La sécheresse et les canicules entrainent, en cave, une montée en degrés des vins. Certaines régions – telles que le Beaujolais ou la Bourgogne – en tirent bénéfices, voient leurs vins s’étoffer. Qu’en est-il pour vous ?

« Je ne suis pas certain que nous ayons quelque chose a y gagner sur la qualité de production, de notre côté. Nos vins plaisent pour leur fraîcheur, leur vivacité. Pour l’instant, nous arrivons à la contenir par diverses techniques. Cette montée en degré d’alcool pourrait alourdir les vins si elle devenait vraiment trop forte… Mes rouges sont actuellement à 13,5°. Mes Sauvignons blancs oscillent entre 12,5° et 14°. C’est 1 degré de plus que les indications de l’Inao, Institut de l’origine et de la qualité des vins. »

Pensez-vous que le réchauffement climatique pourrait bouleverser les AOC ?

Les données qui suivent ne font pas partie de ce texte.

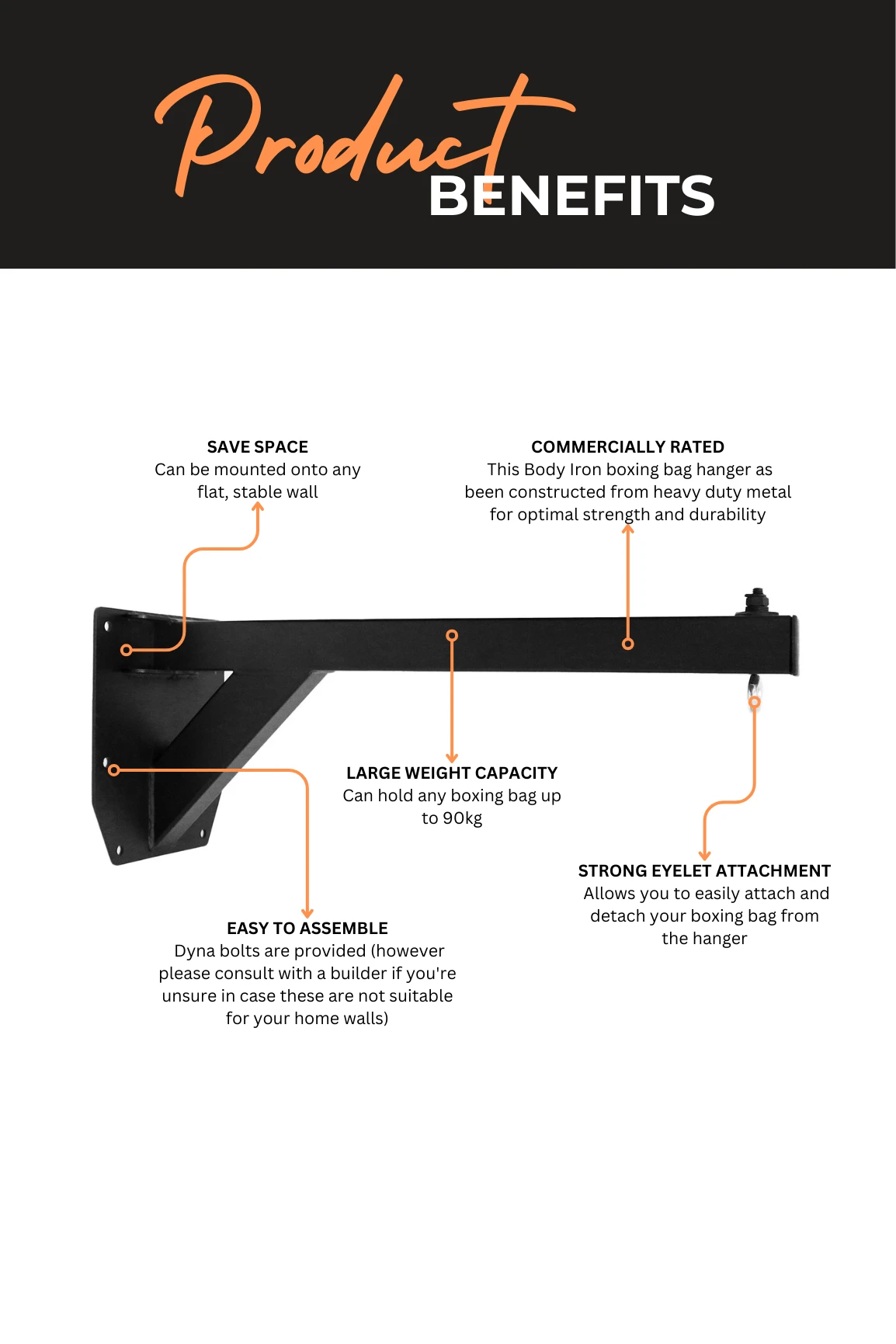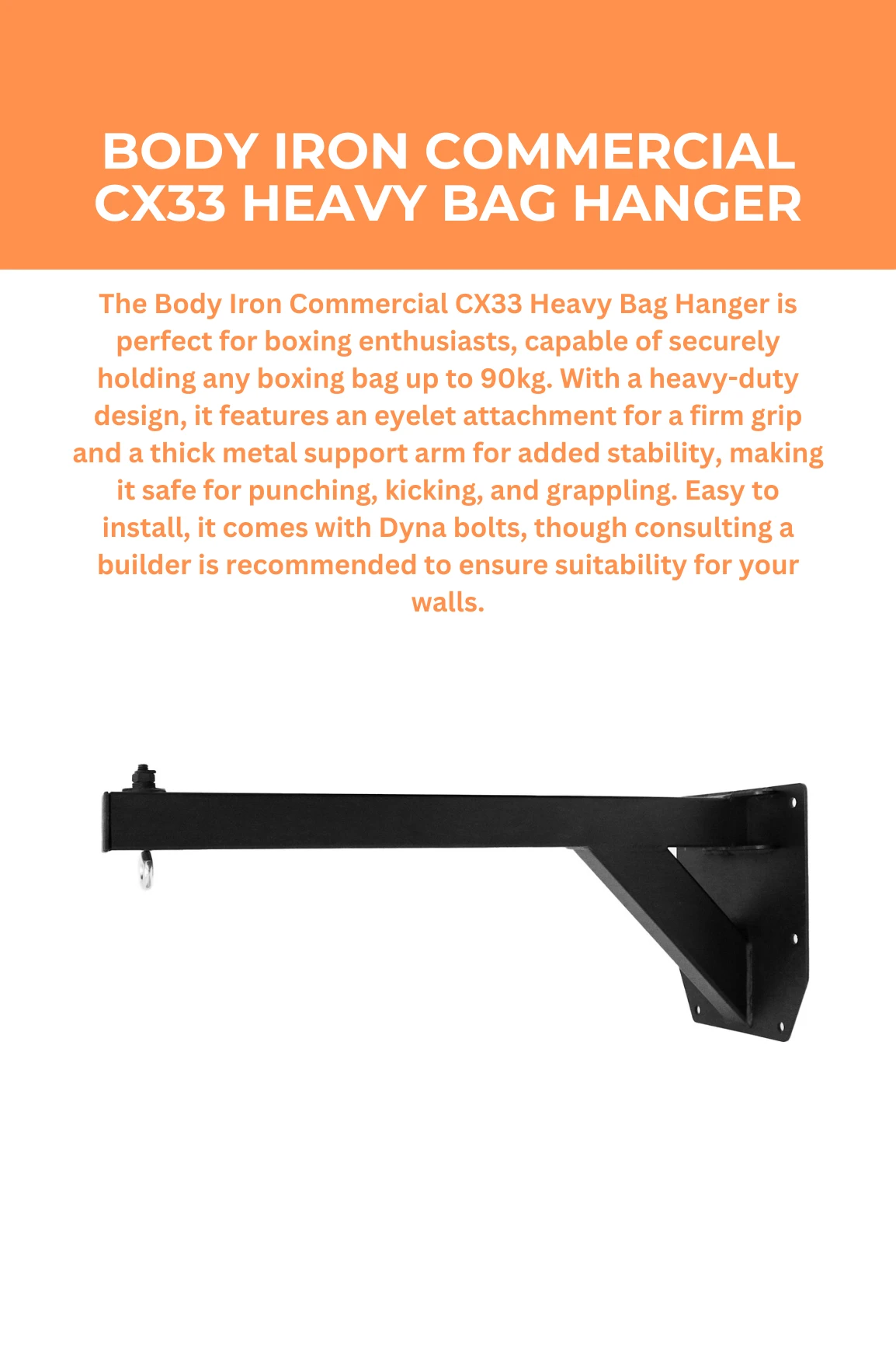 The Body Iron Commercial CX33 Heavy Bag Hanger is super easy to install, with Dyna bolts provided with every purchase. Please note, we do recommend consulting a builder if you’re unsure whether these bolts are suitable for your walls.

« Je ne sais pas…Ce qui est sûr c’est que depuis plusieurs années, les choses changent énormément à la vigne comme au chai. Canicules, sécheresse, épisodes de gel impactent la viticulture de plein fouet. C’est pour nous une constante remise en question. Certains vignerons, souvent de la jeune génération, évoluent, font bouger les choses, tentent de nouvelles façon de travailler pour pallier aux problèmes liés au réchauffement climatique. Les solutions techniques existent. Cependant, on doit souvent faire face à des organismes administratifs qui eux, restent dans leur façon de fonctionner. Et le cas se constate dans les appellations anciennes comme les plus récentes, telles que les Côteaux-du-Giennois. »

Comment une jeune appellation trouve t-elle sa place entourée de deux « poids lourds viticoles » tels que Sancerre et fumé?

« Le cheminement n’est pas le même. Des vins issus d’appellations telles que Sancerre se vendent facilement. Les domaines n’ont généralement pas à rechercher des clients. Leur préoccupations se situent davantage sur le rendement. S’il est trop faible, là ils perdent des clients. Pour une jeune appellation, l’enjeu est de se faire connaître auprès du public et des professionnels du vin. Le consommateur n’est plus un buveur d’étiquette. Pour se faire une place aux côtés des ‘grands’, il faut mettre en avant les spécificités du terroir et raconter une histoire autour du produit. Une jeune appellation doit être une porte d’entrée vers les plus prestigieuses. »

Quels sont les avantages d’oeuvrer dans une petite AOC ?

Emmanuel Charrier produit des vins blancs et rouges. Photo DR/E.Charrier.

« Aujourd’hui, les Côteaux-du-Giennois n’ont rien à envier aux autres qualitativement. Les vins sont d’excellent rapport qualité prix, et les terres sont plus abordables lorsque l’on veut s’installer ou s’agrandir. C’est aussi une façon plus libre de travailler, moins codifiée pour nous autres producteurs ».